I build AI products end-to-end — from the business need, to the agentic flows that run them, down to the infrastructure underneath: inference, proxies, data. When the economics demand it I go all the way down to the metal — that's where the inference work below comes from.
Previously CTO at Miranda Media; before that I founded and ran Hosting90 (Czech hosting/cloud) for 18 years, exiting in 2020. That background in running infrastructure at scale informs how I think about LLM serving: reliability, latency, and resource efficiency over benchmark headlines. Open to fractional-CTO and advisory work.

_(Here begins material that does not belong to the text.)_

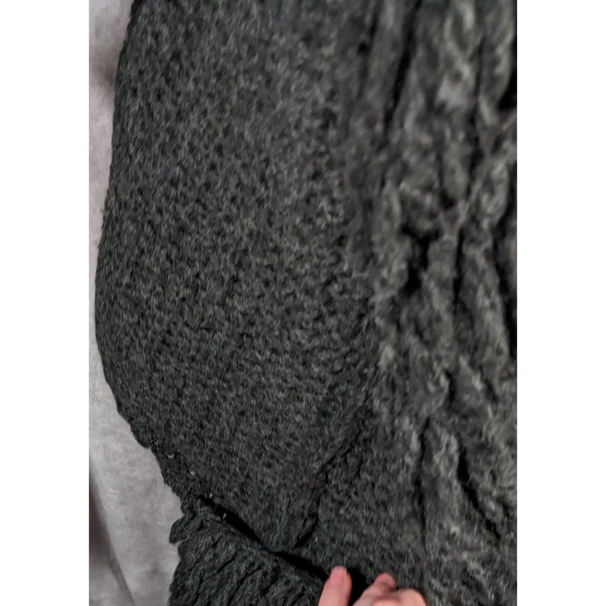 This vintage Kenar Italy cardigan features an open front design with a unique black fringe neck detail, perfect for adding a touch of elegance to any outfit. Ideal for medium-sized individuals seeking stylish comfort.

- vllm-mlx — Core contributor to vllm-mlx (80+ PRs; second external contributor by join order), an OpenAI-compatible inference server built on MLX for Apple Silicon. Specific contributions:
- MTP speculative decoding for Qwen3-Next (PR #82, merged) — Multi-Token Prediction with always-advance strategy and rejection sampling; 1.43x verified / 1.76x optimistic on M3 Ultra
- Draft-model speculative decoding (PR #45, merged) — HybridEngine sharing a single model instance across speculative and batched modes; 1.2–1.4x throughput improvement
- Prefix caching, KV cache quantization, Anthropic Messages API integration, MoE model support
- Assigned collaborator on MTP roadmap for Qwen3-Next / MiMo / Qwen3.5 family alongside the repo owner
- vllm-mlx-dashboard — Real-time monitoring dashboard for local LLM inference servers (llama.cpp + vllm-mlx), built with Next.js.
- Data & access infrastructure — self-built residential LTE proxy pool (9 modems, CGNAT rotation) feeding production scraping for AI products. Writeup: https://hilgard.cz/writing/lte-proxy-pool
- M3 Ultra (256 GB) benchmarking — sustained throughput, quantization tradeoffs, batch size effects at the edge of consumer hardware.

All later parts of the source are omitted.